Larry Kudlow is CNBC's Senior Contributor and author of American Abundance: The New Economic & Moral Prosperity.


1 comment:

  1. Larry meet Doug....


    After failing to heed the lessons from 1994 and 2000 experiences, we shouldn’t have been surprised by another failure. The number one lesson global policymakers gleaned from the 2008 debacle: Lehman Brothers should never have been allowed to fail. Somehow, Trillions of high-risk loans, Trillions of leverage, Trillions of fraud/corruption, Trillions of mispriced securities, and resulting unprecedented economic maladjustment could have been sustained had Lehman been bailed out (a modern version of “the Great Depression could have been avoided had the Fed recapitalized the banking system.”). Given determination and some time, it’s always possible to inflate out of debt troubles. Really Dangerous Thinking.

    So global policymakers have come to believe that Bubbles can be accommodated – even used as a policy tool. Market perceptions can be readily manipulated – and the Fed has a role, a moral obligation to do so. Market risk aversion, liquidity and tumult can be expertly managed. Do whatever it takes to assure the markets that crisis will not be tolerated. Act with sufficient resolve to ensure the speculator community bets with policy and not against it. Above all, guarantee abundant, uninterrupted cheap marketplace liquidity. And this all goes directly counter to what I believe is the critically important analysis of our times: There is no alternative but to develop a systematic approach to suppressing Bubbles – and the earlier the better.

    Here in the U.S., there’s been zero effort to downsize the GSEs. Despite the Trillions that have flowed into “bond” funds, ETFs and risk assets more generally, the Fed has made no attempt to extricate itself from crisis-period market manipulations and move toward a more normalized risk market backdrop. Leveraged speculation has never been so popular. The marketplace for Credit and market derivative “insurance” poses as big a systemic risk as ever. Arguably, securities markets have never been so distorted.

    Today’s policy debate centers on when to commence transparent, slow-motion little baby step rate increases – and on the eventual pace of reducing the Fed’s bloated balance sheet. It’s all Pro-Bubble. The critical issue is the market perception that the Fed will immediately reemploy QE at the first sign of market tumult. This is the fundamental Pro-Bubble Market Distortion that desperately needs to be addressed and rectified (reminiscent of the Pro-Bubble market perception that the Treasury and Fed would back GSE obligations that was at the heart of mortgage finance Bubble excesses). Why would market participant fret inflating Bubbles when they only increase the probabilities of additional QE?
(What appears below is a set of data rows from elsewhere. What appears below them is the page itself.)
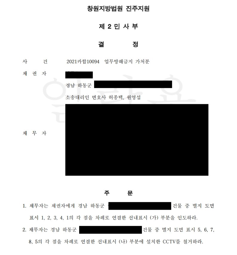 그럼에도 무단 점유와 CCTV 설치로 펜션 관리·영업이 방해되고 있으니, 인도·철거 및 업무방해금지를 구했습니다.
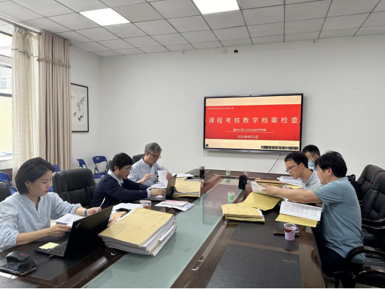于2025年4月23日下午开展校院督导联动本科课程考核教学档案检查,校教学督导员刘丹教授、陈笃钦研究员,学院分管本科教学副院长陈丽君教授以及各系督导员参加了本次检查工作。
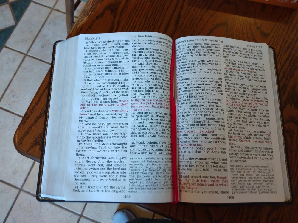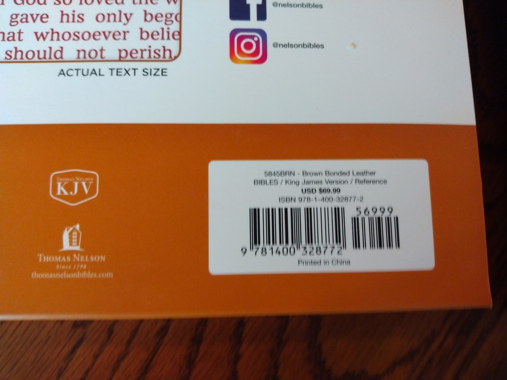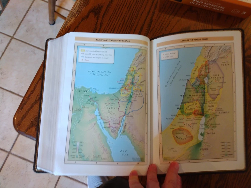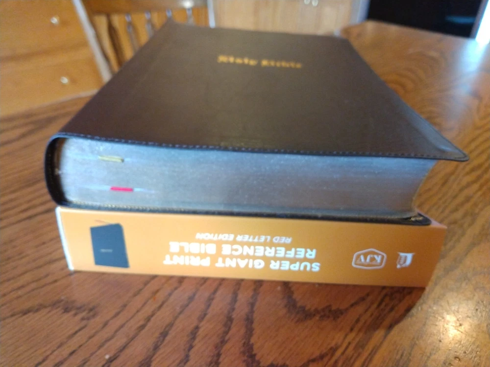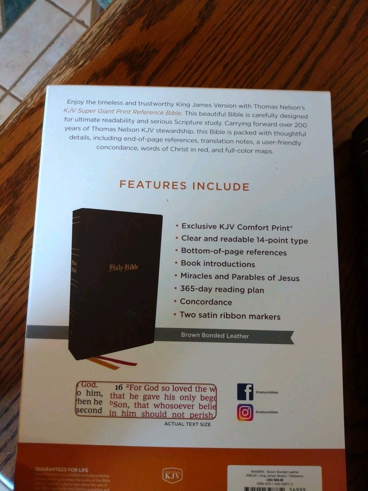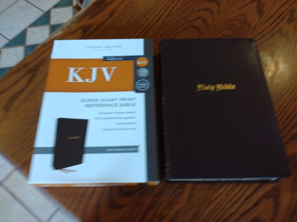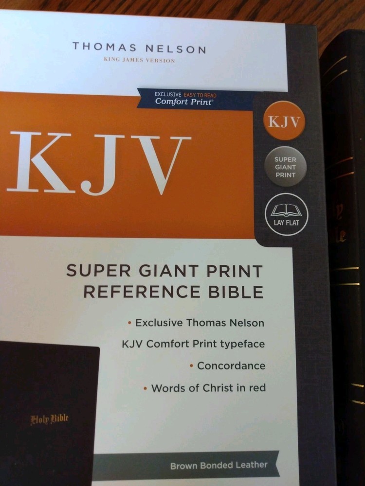 KJV Super Giant Print Reference Bible - Brown Bonded Leather~ Retail $69.99 Font/Text size is point Dimensions: 10.25 x 7 x 1.5" thick Red letter for Christ's words Feel free to ask questions. I try to return and answer your questions in a timely manner and as soon as I am able. NO RETURNS. Please buy responsibly. Visit my eBay store at aboundingjoy66 Product Description The literary beauty of the King James Version with the readability of Thomas Nelson's custom size 14 KJV font, plus essential study resources, words of Christ in red - that's the KJV Super Giant Print Reference Bible . The giant print format and beautifully designed layout of this edition will add to your comfort as you dig deep into God's Word. Additional features include an attractive end-of-page reference system, book introductions, a concordance, and full-color maps. Features: Presentation page Bible book introductions with a concise overview of each book 43,000+ cross-references trace the connections in Scripture One-year reading plan Miracles and parables of Jesus chart Concordance Full-color maps Satin ribbon markers Clear and readable 14-point KJV Comfort Print Product Information Title: KJV Super Giant-Print Reference Bible, Comfort Print--bonded leather, brown Format: Imitation Leather Number of Pages: 1952 Vendor: Thomas Nelson Publication Date: 2023 Dimensions: 10.25 X 7.00 (inches) Weight: 3 pounds 7 ounces ISBN: 1400328772 ISBN-13: 9781400328772 References: Cross References Text Color: Red Letter Text Size: 14 Point Note Size: 10 Point Thumb Index: No Ribbon Marker: Yes Spine: Glued Page Gilding: Gold Stock No: WW328772 Imprintable: Yes

    Central to Credit Bubble Theory is the view that systemic risk rises exponentially during the “Terminal Phase” period of Bubble excess. Policymakers are on a fool’s errand when they set a policy course to patiently and innocuously deflate a Bubble. After all, bailing out Lehman would have only led to a bigger Bubble. “Kicking the can” on an insolvent Greece has only worsened a really bad situation. Draghi’s QE is Pro-securities Bubbles and is only worsening systemic fragility. Reckless BOJ QE is setting the stage for collapse. Meanwhile, no one is working more diligently to manage a runaway Bubble than the Chinese.

    The aged global Bubble is in a precarious late-phase dynamic (that somehow passes for financial nirvana). Having survived previous scares, close calls, panics and even deep crises, the world has grown convinced that policymakers now have everything under control. “Money” printing works. Manipulating securities markets (for the greater good) has become adeptly refined. Moreover, when it comes to China and the Chinese Bubble, they have $3.7 Trillion of reserves – a horde easily capable of stimulating the economy, recapitalizing its banking system and accommodating financial outflows as necessary.